**REQUIRED ACTION:**
In the listing below, find each line with the string "pour" and return it.

**TASK INPUT:**
┌──
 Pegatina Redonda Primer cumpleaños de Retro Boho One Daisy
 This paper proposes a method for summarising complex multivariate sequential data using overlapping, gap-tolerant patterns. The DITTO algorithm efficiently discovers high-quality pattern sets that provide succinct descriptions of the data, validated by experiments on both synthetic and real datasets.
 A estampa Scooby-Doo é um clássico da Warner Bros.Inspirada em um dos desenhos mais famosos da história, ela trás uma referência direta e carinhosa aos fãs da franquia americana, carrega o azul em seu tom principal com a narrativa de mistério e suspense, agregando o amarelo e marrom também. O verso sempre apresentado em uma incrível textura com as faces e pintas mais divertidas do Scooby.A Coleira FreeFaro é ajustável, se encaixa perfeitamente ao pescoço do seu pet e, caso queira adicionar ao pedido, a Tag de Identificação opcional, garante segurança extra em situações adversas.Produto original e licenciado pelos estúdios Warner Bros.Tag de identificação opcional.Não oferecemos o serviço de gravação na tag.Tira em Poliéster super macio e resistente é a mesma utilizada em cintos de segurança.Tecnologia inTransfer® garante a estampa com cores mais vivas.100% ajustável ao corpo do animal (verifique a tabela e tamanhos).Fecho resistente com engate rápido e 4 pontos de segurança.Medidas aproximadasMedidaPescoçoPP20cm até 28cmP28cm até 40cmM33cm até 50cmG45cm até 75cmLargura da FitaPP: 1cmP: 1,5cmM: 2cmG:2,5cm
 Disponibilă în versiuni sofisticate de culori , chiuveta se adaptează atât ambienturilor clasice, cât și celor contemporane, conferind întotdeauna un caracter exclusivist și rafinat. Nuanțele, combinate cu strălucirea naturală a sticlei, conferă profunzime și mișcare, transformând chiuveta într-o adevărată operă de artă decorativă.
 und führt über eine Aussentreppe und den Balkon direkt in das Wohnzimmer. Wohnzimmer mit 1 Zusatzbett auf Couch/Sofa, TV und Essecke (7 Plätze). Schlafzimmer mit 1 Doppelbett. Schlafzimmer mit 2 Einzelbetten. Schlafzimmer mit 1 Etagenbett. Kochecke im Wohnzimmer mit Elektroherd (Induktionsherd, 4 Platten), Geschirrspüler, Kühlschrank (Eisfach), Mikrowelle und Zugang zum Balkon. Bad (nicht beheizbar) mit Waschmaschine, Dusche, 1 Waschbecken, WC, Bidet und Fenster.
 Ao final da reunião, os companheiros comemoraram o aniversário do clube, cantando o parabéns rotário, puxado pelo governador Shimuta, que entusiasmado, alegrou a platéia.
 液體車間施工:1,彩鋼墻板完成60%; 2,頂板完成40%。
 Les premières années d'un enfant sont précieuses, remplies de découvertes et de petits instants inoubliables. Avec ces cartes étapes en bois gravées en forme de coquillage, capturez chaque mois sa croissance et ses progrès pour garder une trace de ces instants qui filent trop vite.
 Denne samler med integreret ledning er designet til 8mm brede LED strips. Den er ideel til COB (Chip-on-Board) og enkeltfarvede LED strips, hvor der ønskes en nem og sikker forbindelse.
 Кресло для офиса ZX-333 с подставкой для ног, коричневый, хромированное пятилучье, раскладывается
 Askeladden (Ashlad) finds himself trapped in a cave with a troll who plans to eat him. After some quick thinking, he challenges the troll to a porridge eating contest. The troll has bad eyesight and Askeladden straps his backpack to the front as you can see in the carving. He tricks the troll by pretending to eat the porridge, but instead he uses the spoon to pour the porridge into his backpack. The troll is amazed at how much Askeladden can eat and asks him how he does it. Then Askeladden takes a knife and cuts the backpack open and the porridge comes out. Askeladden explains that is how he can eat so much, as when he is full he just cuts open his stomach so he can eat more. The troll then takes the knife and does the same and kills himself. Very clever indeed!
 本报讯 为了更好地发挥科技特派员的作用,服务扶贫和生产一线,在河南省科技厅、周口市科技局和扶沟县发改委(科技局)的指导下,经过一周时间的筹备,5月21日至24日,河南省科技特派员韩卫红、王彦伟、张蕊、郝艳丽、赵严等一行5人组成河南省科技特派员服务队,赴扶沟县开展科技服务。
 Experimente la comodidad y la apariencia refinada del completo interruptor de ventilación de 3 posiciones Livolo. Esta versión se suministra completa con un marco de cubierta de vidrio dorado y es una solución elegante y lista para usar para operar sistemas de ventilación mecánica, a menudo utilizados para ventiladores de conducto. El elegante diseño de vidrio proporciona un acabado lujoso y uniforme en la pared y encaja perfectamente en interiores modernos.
└──
**WRITTEN RESPONSE:**
 Les premières années d'un enfant sont précieuses, remplies de découvertes et de petits instants inoubliables. Avec ces cartes étapes en bois gravées en forme de coquillage, capturez chaque mois sa croissance et ses progrès pour garder une trace de ces instants qui filent trop vite.
 Askeladden (Ashlad) finds himself trapped in a cave with a troll who plans to eat him. After some quick thinking, he challenges the troll to a porridge eating contest. The troll has bad eyesight and Askeladden straps his backpack to the front as you can see in the carving. He tricks the troll by pretending to eat the porridge, but instead he uses the spoon to pour the porridge into his backpack. The troll is amazed at how much Askeladden can eat and asks him how he does it. Then Askeladden takes a knife and cuts the backpack open and the porridge comes out. Askeladden explains that is how he can eat so much, as when he is full he just cuts open his stomach so he can eat more. The troll then takes the knife and does the same and kills himself. Very clever indeed!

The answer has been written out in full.